== WHAT IS REQUIRED ==
Print every line below exactly as written, but leave the pictures behind.

____ GIVEN INFORMATION

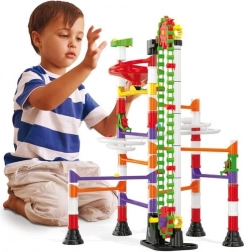 Con il set QUERCETTI Migoga Elevator i bambini possono costruire modelli seguendo le immagini sulla scatola oppure sperimentare liberamente con le proprie idee. Grazie ai pezzi tra loro compatibili nascono combinazioni infinite di piste con la pendenza perfetta per un movimento fluido delle biglie. L’ascensore verticale a catena riporta le biglie alla partenza e garantisce una corsa senza interruzioni.
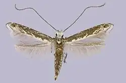 The wingspan is 8.3–10 mm. The forewings are brown with a narrow white band on the dorsum from the base to 2/3 of the entire length and with three narrow white bands beginning at the dorsal margin near 1/2 to 3/4 length of the wing and extending obliquely toward the wing apex, terminating before reaching mid-width of the wing. Dull white spots are scattered on the costal half and there is a narrow silver band with metallic reflection extending from the costa to the dorsum at 5/6 length. The distal 1/6 is orange-brown with a black dot centrally, franked by a short white band near the dorsum. The distal end is fringed with a narrow white band. The hindwings are brown.
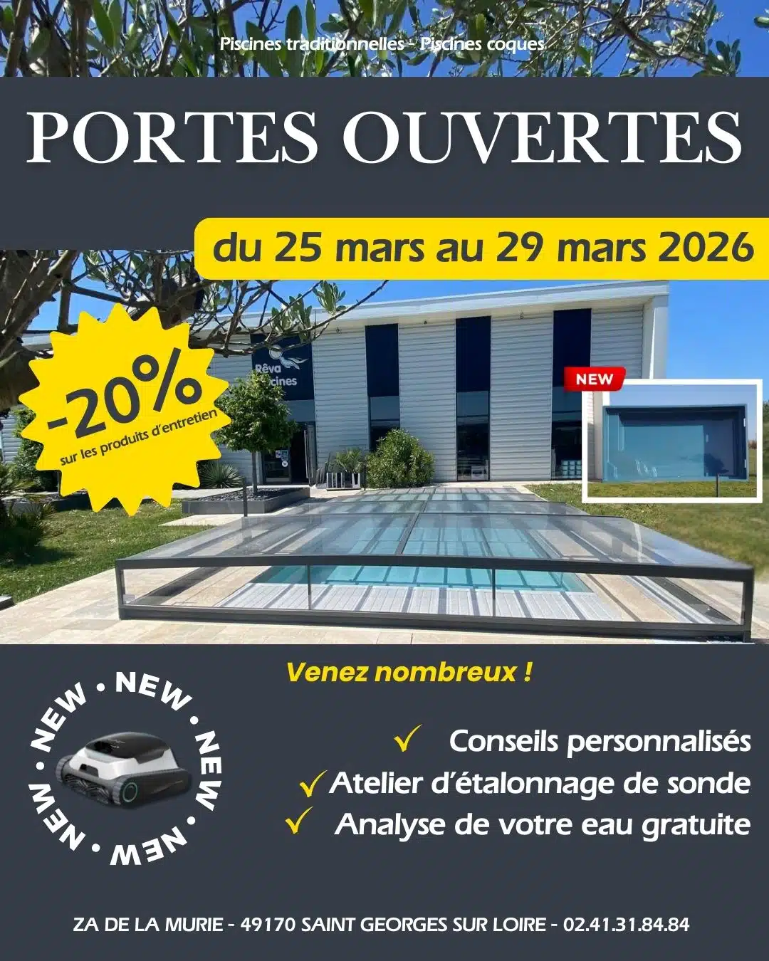 Une semaine exceptionnelle chez Réva Piscines à Saint-Georges-sur-Loire Nous avons le plaisir de vous inviter à nos Portes Ouvertes qui se tiendront du 25 au

________

== THE COMPLETED TASK ==
 Con il set QUERCETTI Migoga Elevator i bambini possono costruire modelli seguendo le immagini sulla scatola oppure sperimentare liberamente con le proprie idee. Grazie ai pezzi tra loro compatibili nascono combinazioni infinite di piste con la pendenza perfetta per un movimento fluido delle biglie. L’ascensore verticale a catena riporta le biglie alla partenza e garantisce una corsa senza interruzioni.
 The wingspan is 8.3–10 mm. The forewings are brown with a narrow white band on the dorsum from the base to 2/3 of the entire length and with three narrow white bands beginning at the dorsal margin near 1/2 to 3/4 length of the wing and extending obliquely toward the wing apex, terminating before reaching mid-width of the wing. Dull white spots are scattered on the costal half and there is a narrow silver band with metallic reflection extending from the costa to the dorsum at 5/6 length. The distal 1/6 is orange-brown with a black dot centrally, franked by a short white band near the dorsum. The distal end is fringed with a narrow white band. The hindwings are brown.
 Une semaine exceptionnelle chez Réva Piscines à Saint-Georges-sur-Loire Nous avons le plaisir de vous inviter à nos Portes Ouvertes qui se tiendront du 25 au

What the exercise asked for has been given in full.